◆ Exercise directions: Only an exact copy belongs in the answer: the line with "Stap aan boord" and every line after it through the end of the records, pictures left out.

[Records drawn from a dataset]
────────

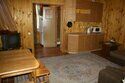 Уютный деревянный двухкомнатный дом с кухней и спальней.
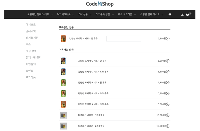 코드엠샵에서 심혈을 기울여 만든 엠샵 D.I.Y 구독 상품 플러그인으로
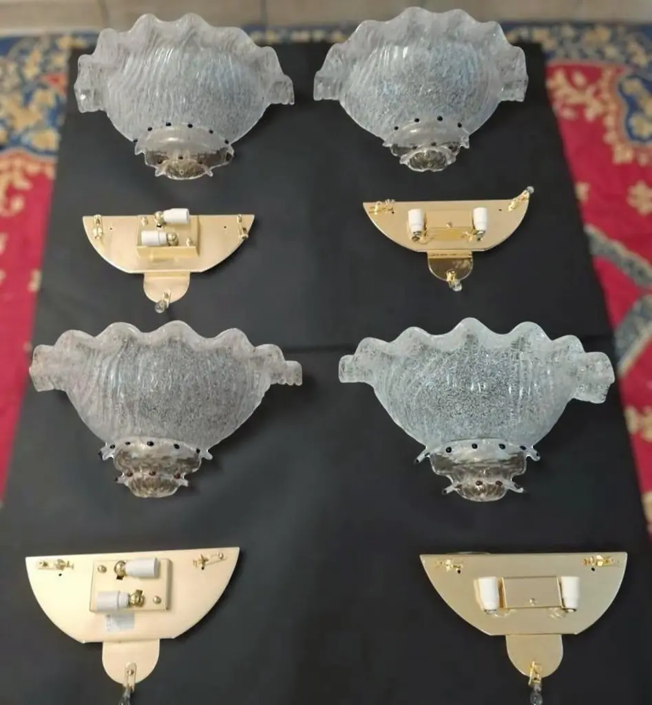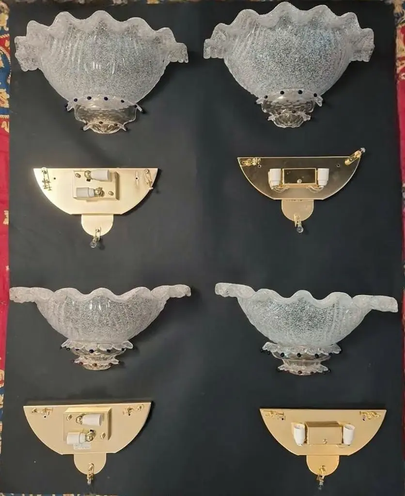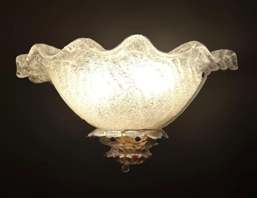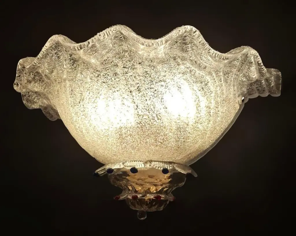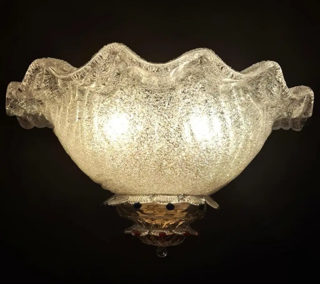 Vintage Italian wall light with clear Murano glass shades hand blown using graniglia technique, decorated with blue and red glass buttons, mounted on brass frames / Made in Italy in the style of Barovier e Toso, circa 1970sMeasures: width 18 inches / Height 8.5 inches / Depth 9 inches2 lights / E12 or E14 type / max 40W each2 pairs available in stock in Italy, price listed is for each pairplease note the light bulb direction is different for each pairOrder reference #: FABIOLTD K156
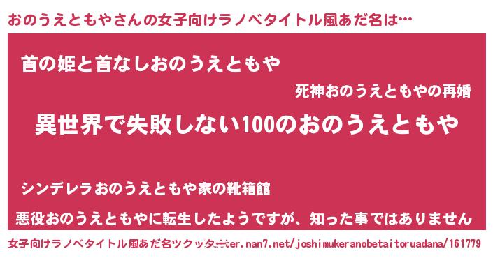 | 胡散臭い通販商品みたいなあだ名 | 『絶対に幸福をもたらす水素水…その名も「おのうえともや」』 |
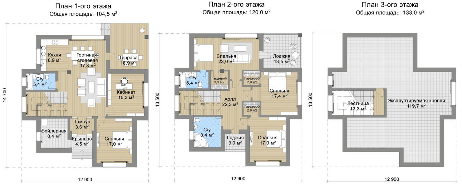 Общая планировка двухэтажного дома с четырьмя спальнями
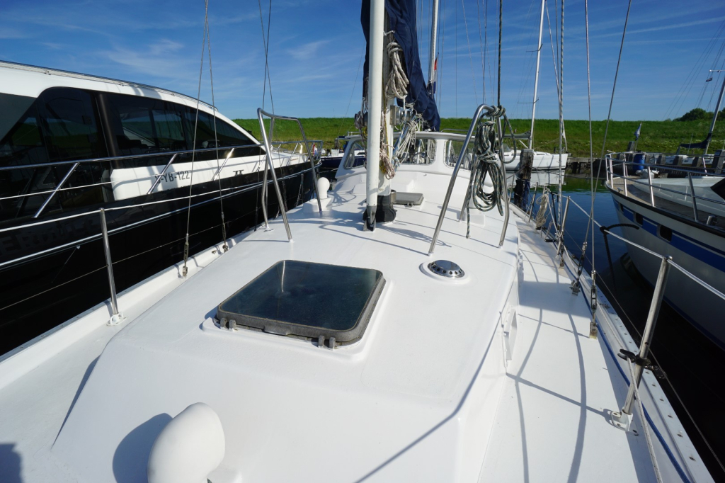 Stap aan boord van de iconische Whitby 42. Een zeewaardige ketch ontworpen door Edward Brewer. Dit jacht, geliefd bij wereldzeilers, combineert betrouwbaarheid, comfort en prestaties. Gebouwd met het oog op langeafstandscruisen en zelfstandig leven aan boord, is dit schip een zeldzame kans voor wie droomt van verre bestemmingen.
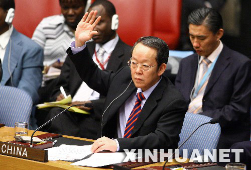 3月3日,中國常駐聯合國代表王光亞在安理會舉手投贊成票。當日,安理會在美國紐約聯合國總部表決通過了有關伊朗核問題的新決議草案。決議繼續要求伊朗暫停鈾濃縮等活動,重申致力于通過政治和外交談判和平解決問題,支持國際原子能機構發揮作用。決議還進一步加大了對伊朗實施制裁的力度。 新華社記者侯俊攝
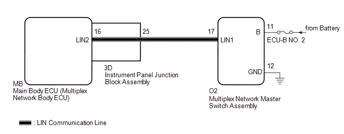 This inspection is to check the LIN communication line in the instrument panel junction block assembly that connects the wire harness to the built-in main body ECU (multiplex network body ECU).
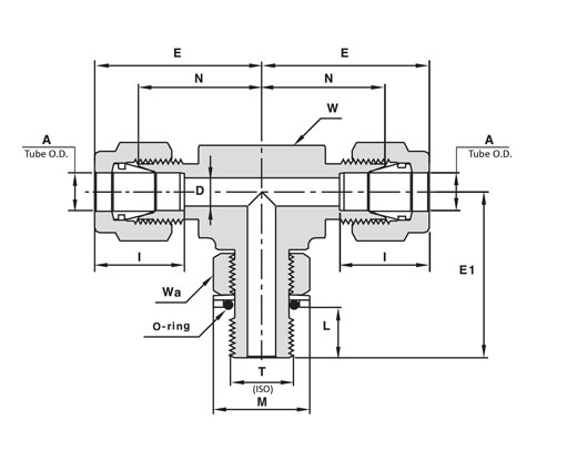 Stainless Steel 316 Positionable Male Branch Tee, One-Lok® Tube Fitting 1/4” x One-Lok® Tube Fitting 1/4” x Male ISO Parallel Thread 1/8”
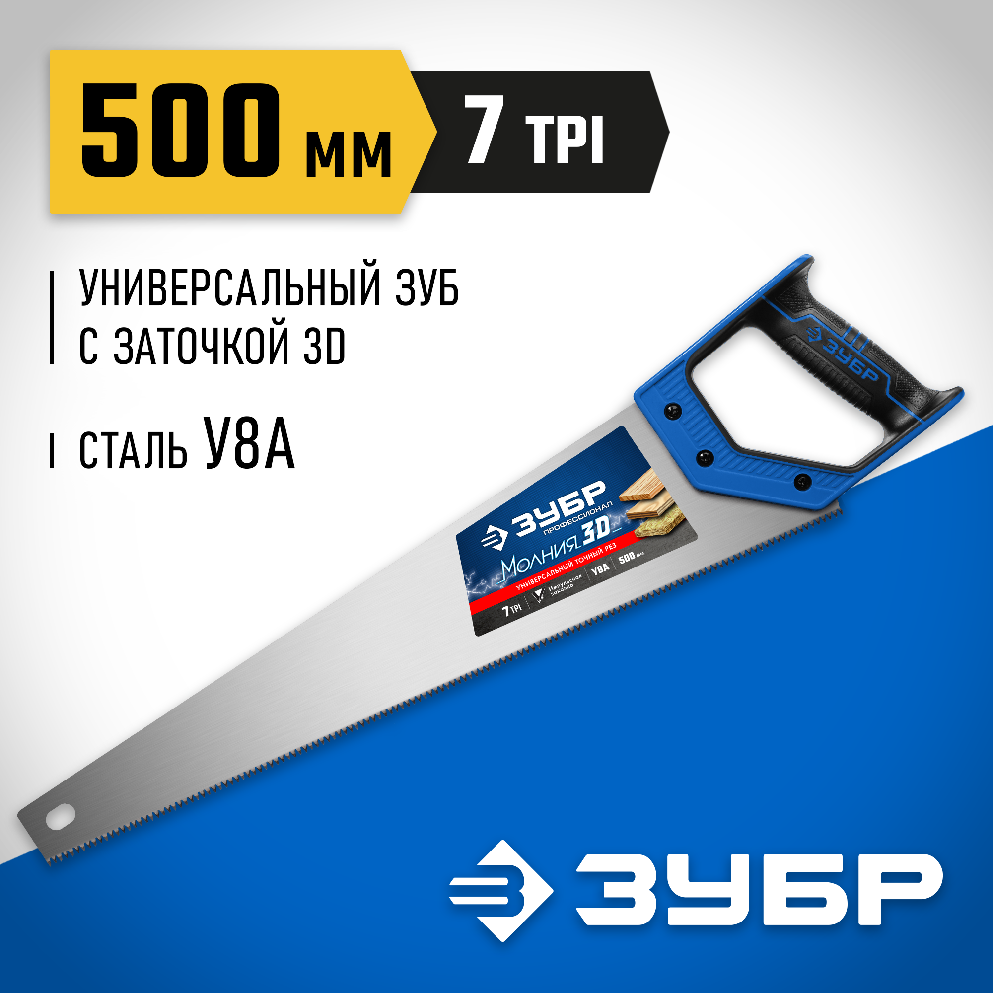 Профессиональная ножовка по дереву «МОЛНИЯ-3D» с крупными прямыми зубьями, остро заточенными с трех сторон, обеспечивает точный рез вдоль и поперек волокон, для средних заготовок из всех видов материалов
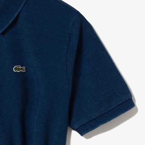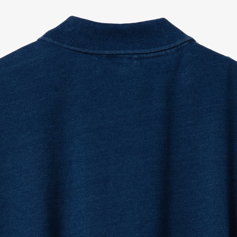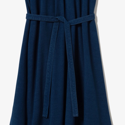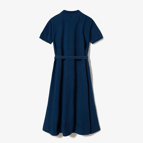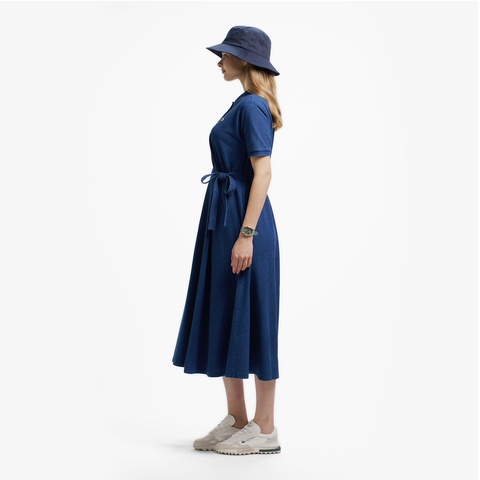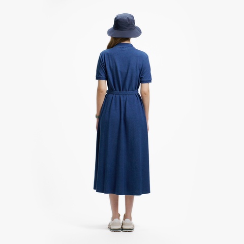インディゴ鹿の子の表情が際立つマキシ丈ポロドレス
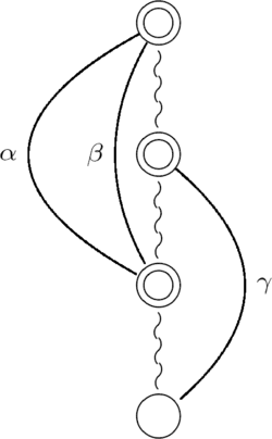 In the following figures, simple circle nodes represent vertices, double circle nodes represent subtrees, twisted segments represent tree paths, and curved arcs represent cotree edges. The root of each tree is shown at the bottom of the figure. In the first figure, the edges labeled and are T-alike, meaning that, at the endpoints nearest the root of the tree, they will both be on the same side of the tree in every planar drawing. In the next two figures, the edges with the same labels are T-opposite, meaning that they will be on different sides of the tree in every planar drawing.

────────

◆ Exercise solution:
 Stap aan boord van de iconische Whitby 42. Een zeewaardige ketch ontworpen door Edward Brewer. Dit jacht, geliefd bij wereldzeilers, combineert betrouwbaarheid, comfort en prestaties. Gebouwd met het oog op langeafstandscruisen en zelfstandig leven aan boord, is dit schip een zeldzame kans voor wie droomt van verre bestemmingen.
 3月3日,中國常駐聯合國代表王光亞在安理會舉手投贊成票。當日,安理會在美國紐約聯合國總部表決通過了有關伊朗核問題的新決議草案。決議繼續要求伊朗暫停鈾濃縮等活動,重申致力于通過政治和外交談判和平解決問題,支持國際原子能機構發揮作用。決議還進一步加大了對伊朗實施制裁的力度。 新華社記者侯俊攝
 This inspection is to check the LIN communication line in the instrument panel junction block assembly that connects the wire harness to the built-in main body ECU (multiplex network body ECU).
 Stainless Steel 316 Positionable Male Branch Tee, One-Lok® Tube Fitting 1/4” x One-Lok® Tube Fitting 1/4” x Male ISO Parallel Thread 1/8”
 Профессиональная ножовка по дереву «МОЛНИЯ-3D» с крупными прямыми зубьями, остро заточенными с трех сторон, обеспечивает точный рез вдоль и поперек волокон, для средних заготовок из всех видов материалов
インディゴ鹿の子の表情が際立つマキシ丈ポロドレス
 In the following figures, simple circle nodes represent vertices, double circle nodes represent subtrees, twisted segments represent tree paths, and curved arcs represent cotree edges. The root of each tree is shown at the bottom of the figure. In the first figure, the edges labeled and are T-alike, meaning that, at the endpoints nearest the root of the tree, they will both be on the same side of the tree in every planar drawing. In the next two figures, the edges with the same labels are T-opposite, meaning that they will be on different sides of the tree in every planar drawing.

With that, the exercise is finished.